3. Edutopia Video Resources on PBL
Edutopia has a rich trove of video resources on PBL, but searching for practice-related videos on PBL is not straightforward. One good starting place is the video series Five Keys to Rigorous Project-Based Learning. In addition, PBL is one of Edutopia’s six core strategies, and its Core Strategy Page: Project-based Learning, provides access to a video collection mid-page.
4. Models of Excellence: The Center for High Quality Student Work (Videos)
The site, run by EL Education and the Harvard Graduate School of Education, is a curated, open-source collection of exemplary student work of the type generated through PBL and includes print as well as video resources. This is the home of the Dancing Prince group critique video that demonstrates the thinking and actions surrounding rubrics that make them transformative. Also look for Austin’s Butterfly. For other inspiration, see the excellent FAQ page that helps guide you through the site.
This High Tech High site includes how-to videos, student videos, and “work in progress” videos. (Note: this video site exists alongside the High Tech High Project site. The HTH Project site doesn’t have videos but provides lots of project examples and tools. To see how rich this material can be for professional learning, see this NGLC MyWays analysis of a HTH project on Mayan culture using Whole Game Learning principles.)
6. The Teaching Channel’s Deeper Learning Video Series (and individual DL network sites)

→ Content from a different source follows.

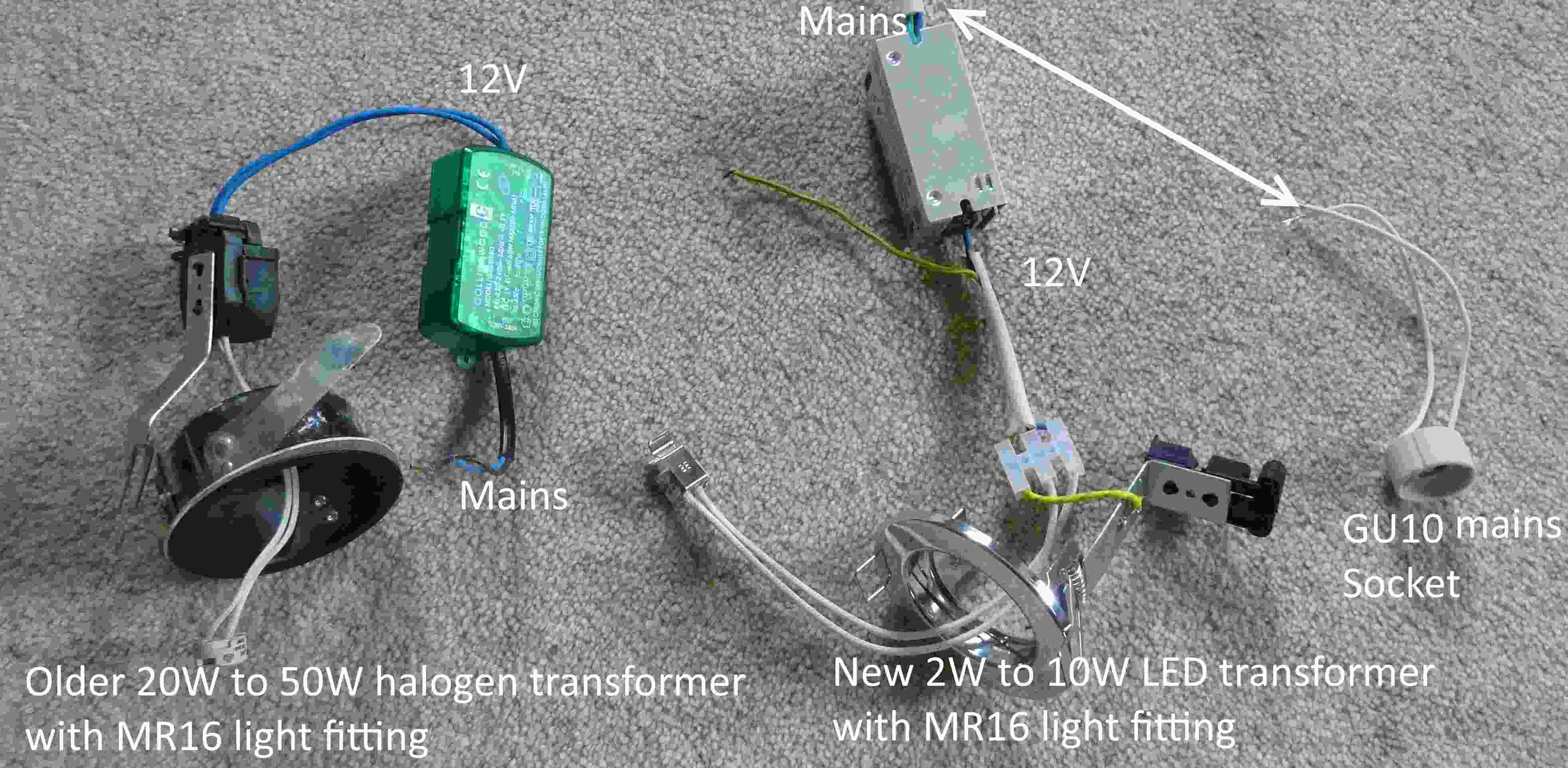 Your original transformer will probably look something like the one of the left, you then have a choice of replacing the transformer with an LED compatible transformer (middle, unwire 2 x 3 wire and rewire ~ £8 for transformer) or  to replace the MR16 socket with a GU10 mains socket and wire directly to the mains removing the transformer from the circuit altogether (unwire and rewire 1 x 3 wires £1 for socket, £0 or 1 for a junction box). If you run into this situation we are happy to provide advice.

Co-developed with Hewlett’s Deeper Learning initiative, the videos in this series can be accessed by topic (authentic audience, self-directed learning, collaboration, etc.) or deeper learning school network: Asia Society, Big Picture, ConnectEd, EdVisions, Envision, EL Education, High Tech High, Internationals Network for Public Schools, New Tech Network, and New Visions for Public Schools.
However, several of the Deeper Learning models strong on PBL have more videos than featured in the Teaching Channel series, so for a more complete picture, see Envision Videos, EL Education Videos, New Tech Network Videos, and High Tech High Videos (#5 above).
7. Deep Dives into Envision and Expeditionary Learning Practices
For those interested in combining video and text to take deep dives into comprehensive PBL practice, or to dig deeper on specific practices you want to know more about, each of the following excellent books comes with a series of videos (on DVD/dedicated websites) embedded into their discussions of PBL and relevant student-engaged assessment practices:
Transforming Schools: Using Project-based Learning, Performance Assessment, and Common Core Standards, by Bob Lenz with Justin Wells and Sally Kingston. The text keys into 21 practice videos from Envision, covering topics from driving questions and teacher collaboration to project design, with heavy emphasis on portfolio preparation and defense.
Leaders of Their Own Learning: Transforming Schools Through Student-Engaged Assessment, by Ron Berger, Leah Rugen, and Libby Woodin. The DVD/web link with this title includes EL Education’s Core Practices in Action video series, covering 27 practices from students unpacking a learning target to students owning their own data, group critique lessons, and celebrations of learning.
This shared practice site from Two Rivers Public Charter School is rich in practice video. While Two Rivers is an EL school, it has also created its own series of 15 practice videos, illustrating everything from its approach to character and expanded outcomes to sharing/debriefing and critique of student work.